CAPTCHAs are unpopular with many Internet users because the words they contain are often so heavily distorted to foil bots that that many humans struggle to read them.
This means potential visitors’ time is wasted while they make repeated attempts to decipher the CAPTCHA they are presented with.
But the CMU research team, based in Pittsburgh, Pennsylvania, has devised an ingenious system to put the time used interpreting CAPTCHAs to good use.
Text files
The team is involved in digitising old books and manuscripts supplied by a non-profit organisation called the Internet Archive, and uses Optical Character Recognition (OCR) software to examine scanned images of texts and turn them into digital text files which can be stored and searched by computers.

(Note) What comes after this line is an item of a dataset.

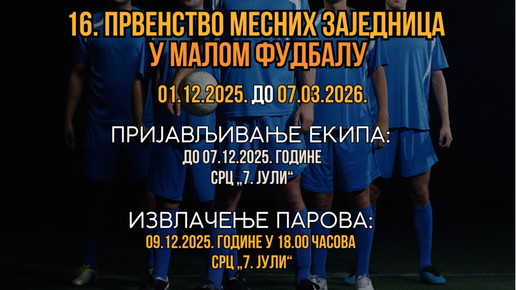 Установа СРЦ „7. Јули“ Параћин организује XVI Првенство месних заједница општине Параћин у малом фудбалу, које ће се одржати у периоду од 1. децембра 2025. до 7. марта 2026. године, под покровитељством Општине Параћин.
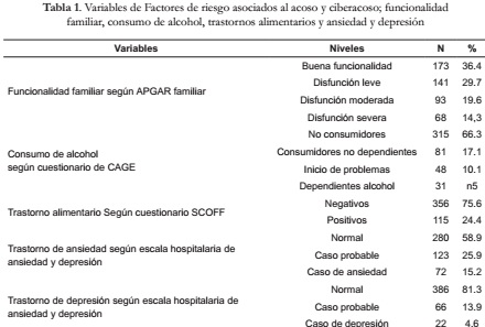 La Tabla 1 incluye los factores asociados al acoso y ciberacoso escolar. Se encuentra que la población estudiada presenta en un 36.42% (lc95%:32.12%-40.95%) buena funcionalidad familiar. El 66.32% (lc95%:61.84%-70.52%) de la población no consume bebidas alcohólicas, y 6.53% (lc95%:4.55%-9.24%) son consumidores dependientes. Según el cuestionario SCOFF el 24.4% (lc95%: 20.8%-28%) sufren de algún tipo de trastorno de la conducta alimentario. El 15.2% (lc95%:12.12%-18.78%) y el 4.6% (lc95%:2.99%-7.04%) de la población presenta casos de ansiedad y depresión respectivamente.

But the OCR software is unable to read about one in 10 words, due to the poor quality of the original documents.
The only reliable way to decode them is for a human to examine them individually – a mammoth task since CMU processes thousands of pages of text every month.
To solve this problem the team takes images of the words which the OCR software can’t read, and uses them as CAPTCHAs.
These CAPTCHAs, known as reCAPTCHAS, are then distributed to websites around the world to be used in place of conventional CAPTCHAs.
When visitors decipher the reCAPTCHAs to gain access to the web site, the answers – the results of humans examining the images – are sent back to CMU.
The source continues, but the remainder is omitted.